И покупатель валил к ним отовсюду.
Один из честных иноков любил проповедовать. Краснорожий этот монах гордо выставлял напоказ свой тройной подбородок и толстое пузо.
– Несчастный! – восклицал он, воззрившись на кого-либо из слушателей. – Несчастный! Ты – в аду! Пламя жжет тебя нещадно. Ты кипишь в котле с маслом, в котором жарятся oliekoek’и
[85]
для Астарты. Ты – колбаса в печи Люцифеpa, ты – жаркое в печи главного беса Гильгирота, вот ты кто, и тебя еще сначала изрубили на мелкие кусочки. Взгляни на этого великого грешника, пренебрегшего индульгенциями, взгляни на это блюдо с фрикадельками – это ты, это ты, это твое грешное, твое окаянное тело. А какова подлива? Сера, деготь, смола! И все несчастные грешники употребляются в пищу, а потом вновь оживают для новых мучений – и так без конца. Вот где воистину плач и скрежет зубов! Сохрани, Господи, и помилуй! Да, ты в аду, бедный грешник, и ты терпишь все эти муки. Но вот за тебя уплатили денье – и деснице твоей вдруг стало легче. Уплатили еще полденье – и обе руки твои уже не в огне. А прочие части тела? Всего лишь флорин – и они окроплены росой отпущения. О сладостное прохлаждение! Десять дней, сто дней, тысячу лет – в зависимости от взноса – ты не жаркое, не oliekoek’и, не фрикасе! А если ты не помышляешь о себе, окаянный, то разве в огненных глубинах преисподней нет других страждущих душ – душ твоих родственников, твоей любимой супруги, какой-нибудь смазливой девчонки, с которой ты часто грешил?

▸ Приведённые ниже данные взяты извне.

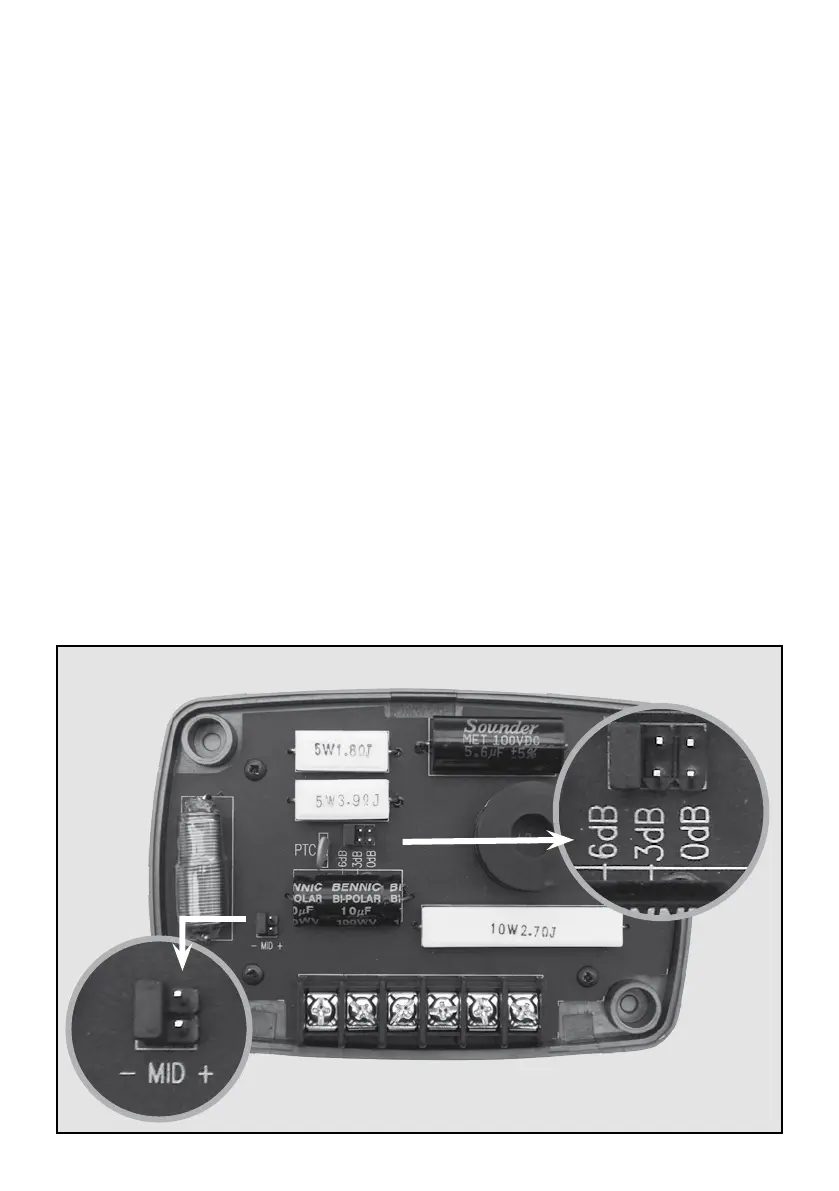 Der Jumper auf der Frequenzweiche erlaubt drei verschiedene Pegeleinstellungen für den

Тут монах толкал локтем в бок своего товарища, стоявшего рядом с серебряным блюдом в руках. А тот по этому знаку опускал очи долу и, призывая к пожертвованиям, благолепно встряхивал блюдо.
– Нет ли у тебя в этом страшном огне сына, дочери, милого твоему сердцу младенца? – продолжал проповедник. – Они кричат, они плачут, они взывают к тебе. Ужели ты пребудешь глух к их стенаниям? Нет, твое ледяное сердце растает, а обойдется это тебе недорого – всего-навсего один каролю. Но смотри: от звона каролю, стукнувшегося о презренный металл (при этих словах его товарищ опять тряхнул блюдо), пламя расступилось, и бедная душа выходит из жерла вулкана. И вот она уже на свежем воздухе, на вольном воздухе! Где пытка огнем? Пред нею море, она погружается в воду, плывет на спине, на животе, то нырнет, то вновь всплывет. Слышишь ли радостные ее воскликновения? Видишь ли, как она плещется? Ангелы смотрят на нее и ликуют. Они ждут ее, но ей все мало, ей хочется стать рыбкой. Она не знает, что там, на высоте небесной, ей уготованы приятные омовения в душистой влаге, в коей льдинами плавают горы белого и холодного леденца. Показалась акула, но душа не боится ее. Она вспрыгивает ей на спину, но акула этого не чувствует, и душа погружается с ней во глубину морскую. Там она приветствует ангелов вод, и те ангелы едят waterzoey
[86]
, подаваемую в коралловых котелках, и свежие устрицы на перламутровых тарелках. И как же ее здесь встречают, чествуют, привечают! Ангелы же небесные неустанно зовут ее к себе. Наконец, освеженная, счастливая, она воспаряет и, с песней на устах, звонкой, как трели жаворонка, взлетает к самому высокому небу, где во всей своей славе сидит на престоле сам Господь Бог. Там видит она всех своих земных сродников и друзей, за исключением тех, что, усомнившись в пользе индульгенций и в силе молитв святой нашей матери-церкви, горят в огне преисподней. И гореть им ныне и присно, ныне и присно, ныне и присно, и во веки веков, – бурнопламенная уготована им бесконечность. А та душа – она у Бога, совершает приятные омовения и хрупает леденец. Покупайте же индульгенции, братья! За какую угодно цену – за крузат, за червонец, за английский соверен! Мы и мелочью не побрезгуем. Покупайте! Покупайте! Мы торгуем священным товаром, а товар тот про всякого – и про богатого и про бедного, но только, братья, к великому нашему сожалению, в долг мы не отпускаем, ибо Господь наказывает того, кто не платит наличными.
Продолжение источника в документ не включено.